Using Google Desktop 3 for Enterprise, PC users will also need to have administrative permissions to introduce the technology on their devices, a responsibility that few companies are willing to hand out to most employees in the current era of widely distributed malicious software programs and viruses.
“Google wants to give enterprises maximum control over how this product is used and employed within the corporate environment,” Boralv said. “On flip side, for consumers, as a service provider we want to be as up-front and transparent as possible about how the data is treated, and they are forced to go through many steps, and agree to policies before using [Desktop Search]; our goal isnt to trick anyone.”
Despite Googles promise of having the best intentions, some industry analysts have recommended that companies avoid Search Across Computers altogether.
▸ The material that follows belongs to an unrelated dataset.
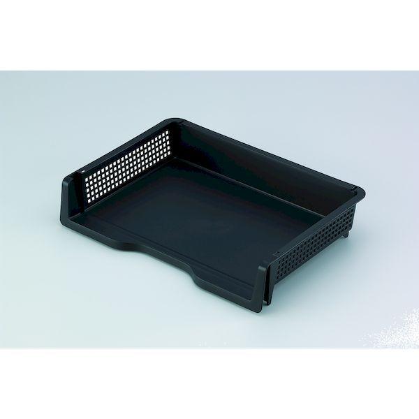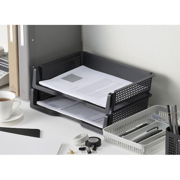 【商品説明】●デスク周りを機能的に。これで作業効率もアップ。●積み重ねOK。●カラー:ブラック●サイズ:33.9×24.1×7Hcm●材質:ポリプロピレン
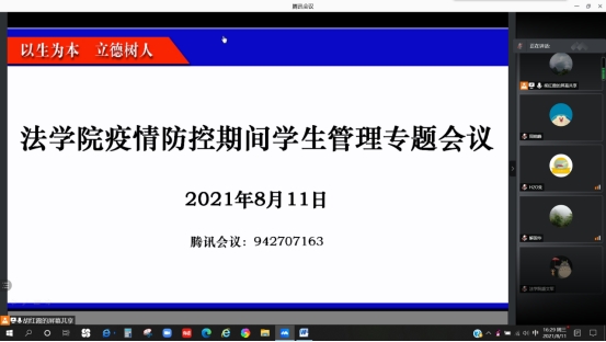 8月11日,yl9193永利集团在腾讯会议召开班主任、辅导员会议,传达了学校新冠肺炎疫情防控工作政策和相关会议精神,布置了yl9193永利集团疫情防控期间学生管理工作,会议由学院党委副书记胡红霞主持,全院班主任、辅导员参加。

In a research note published this week, Whit Andrews, an analyst with Gartner, based in Stamford, Conn., labeled the feature as “a convenience that brings with it a certain degree of risk.”
Further identifying Search Across Computers as a “unacceptable security risk to many enterprises” largely because workers are likely to use the technology improperly and mistakenly share proprietary information, Andrews recommended that companies using Desktop Search 3 should immediately disable the feature and make sure that they have protected any information from being sent out onto Googles Web servers.
Advocate organizations such as the EFF remain far more incensed by the tool, and pointed to Googles recent admission that it agreed to cooperate with the U.S. federal government by allowing law enforcement officials access to users search histories as proof that the company does not respect individuals privacy.
As a result, people who dont understand the implications of Search Across Computers could have their data exposed unintentionally, EFF said.
“This Google product highlights a key privacy problem in the digital age,” Cindy Cohn, EFFs legal director, said in a statement. “Many Internet innovations involve storing personal files on a service providers computer, but under outdated laws, consumers who want to use these new technologies have to surrender their privacy rights.
“If Google wants consumers to trust it to store copies of personal computer files, e-mails, search histories and chat logs, it should stand with EFF and demand that Congress update the privacy laws to better reflect life in the wired world,” Cohn said.